My girlfriend (25F) and I (24M) have been together for 3 years, and lately I’ve been questioning whether love is always enough for marriage.
I genuinely love this girl. Her values, her personality, the calm and emotional safety I feel with her… I’ve honestly never had that with anyone else. She feels like someone I could build a real life and family with.
The problem is more on the physical side, and I feel terrible even admitting it. She was never really my usual type physically. She’s very skinny, while I’ve always naturally been attracted to more curvy/voluptuous women (I’m also a pretty big guy myself, 192cm / 110kg). At the beginning I thought it wouldn’t matter long term because the emotional connection felt way more important.

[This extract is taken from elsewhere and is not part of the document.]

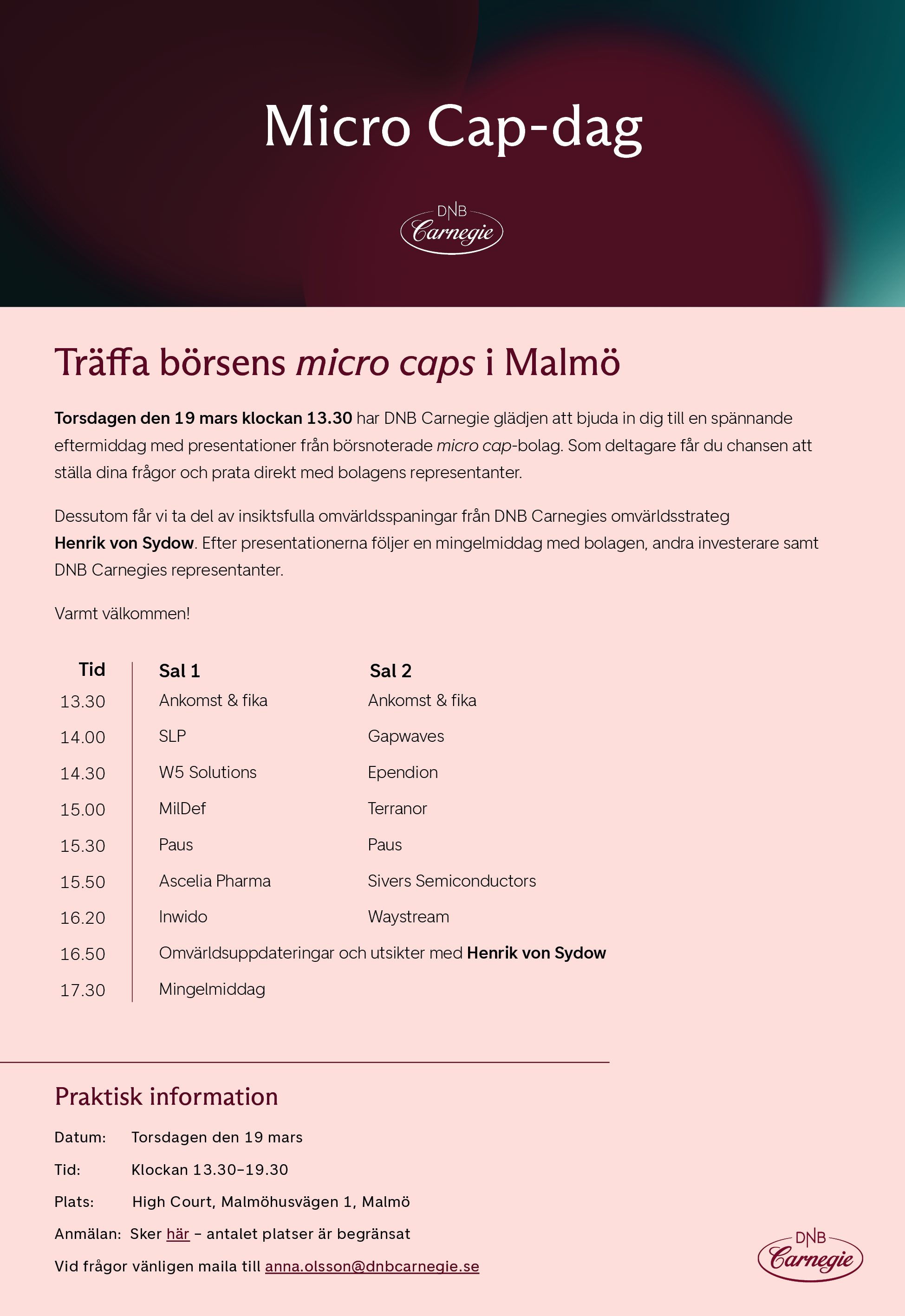 Hej, eventet är tyvärr fullt. Vänligen mejla anna.olsson@dnbcarnegie.se för väntelista.

But sexually, we’ve never fully clicked. Part of it is probably different expectations around intimacy, but I also struggle a lot with physical desire toward her. I rarely feel the urge to initiate, and over 3 years we’ve probably had sex less than 15 times.

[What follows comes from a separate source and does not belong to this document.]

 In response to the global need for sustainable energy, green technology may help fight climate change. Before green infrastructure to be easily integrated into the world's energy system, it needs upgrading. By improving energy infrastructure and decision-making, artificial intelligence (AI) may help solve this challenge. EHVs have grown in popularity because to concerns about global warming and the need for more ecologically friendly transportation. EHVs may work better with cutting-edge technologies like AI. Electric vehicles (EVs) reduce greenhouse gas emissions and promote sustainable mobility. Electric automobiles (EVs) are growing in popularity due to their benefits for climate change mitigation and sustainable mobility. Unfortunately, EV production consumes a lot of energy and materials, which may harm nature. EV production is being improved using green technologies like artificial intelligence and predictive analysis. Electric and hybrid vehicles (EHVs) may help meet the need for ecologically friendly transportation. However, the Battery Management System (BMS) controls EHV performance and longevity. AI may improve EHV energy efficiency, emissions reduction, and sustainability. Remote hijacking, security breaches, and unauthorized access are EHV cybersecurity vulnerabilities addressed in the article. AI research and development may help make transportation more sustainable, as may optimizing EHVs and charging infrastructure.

What’s been scaring me recently is realizing that sometimes it almost feels like my desire completely shuts off around her, and I don’t really know what that means or what I’m supposed to do with that feeling.
The hardest part is that I truly love her and I would never want her to change her body or gain weight just to fit my preferences. I’d honestly hate myself if she felt “not enough” because of me.
I’m just confused and feeling guilty. Can a marriage realistically survive this kind of incompatibility if the emotional bond is really strong? Has anyone been through something similar without deeply hurting the person they loved?